#### GOAL OF THE EXERCISE:
For the entries below, repeat exactly each line starting with the one that contains "71929809 alte Postkarte" and going on through the one that contains "Jerry David |", and no others.
**** GIVEN ENTRIES ****
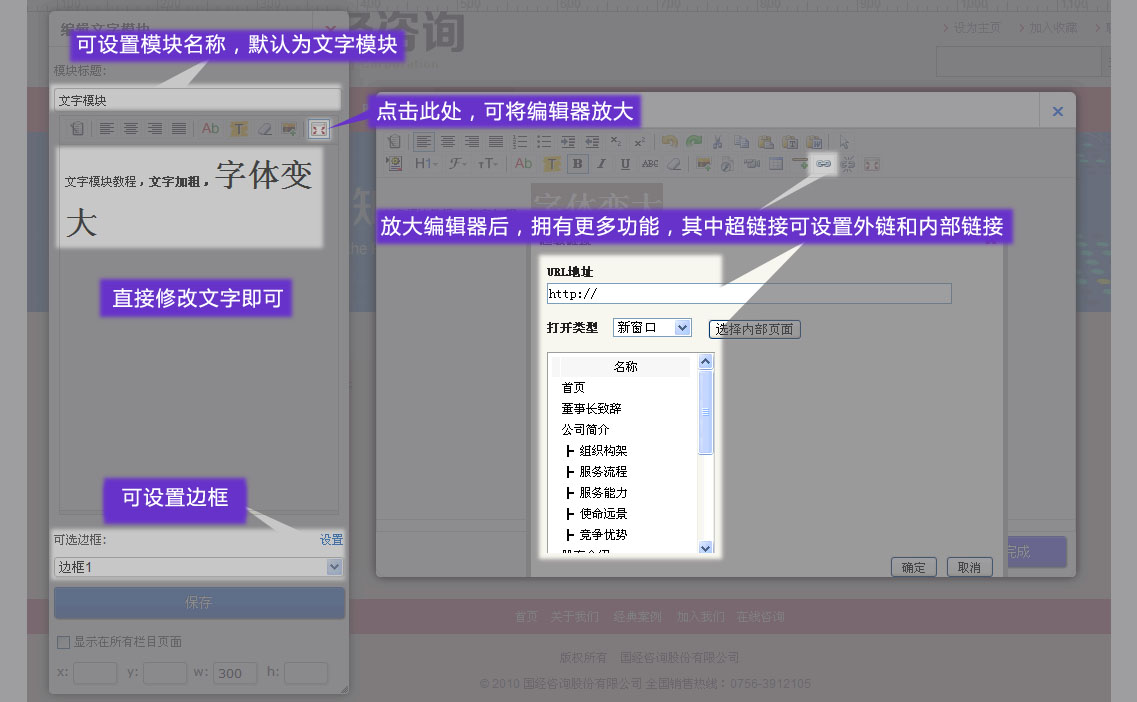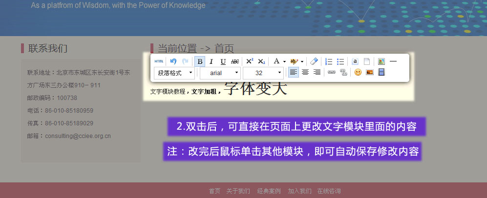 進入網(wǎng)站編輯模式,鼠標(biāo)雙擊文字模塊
****
**** GIVEN ENTRIES ****
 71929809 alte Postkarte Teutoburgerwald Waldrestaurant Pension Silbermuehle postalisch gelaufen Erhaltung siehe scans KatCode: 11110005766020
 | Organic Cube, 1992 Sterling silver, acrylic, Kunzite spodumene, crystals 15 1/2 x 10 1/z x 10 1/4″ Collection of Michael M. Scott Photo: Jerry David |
****
#### EXERCISE RESPONSE:
 71929809 alte Postkarte Teutoburgerwald Waldrestaurant Pension Silbermuehle postalisch gelaufen Erhaltung siehe scans KatCode: 11110005766020
 | Organic Cube, 1992 Sterling silver, acrylic, Kunzite spodumene, crystals 15 1/2 x 10 1/z x 10 1/4″ Collection of Michael M. Scott Photo: Jerry David |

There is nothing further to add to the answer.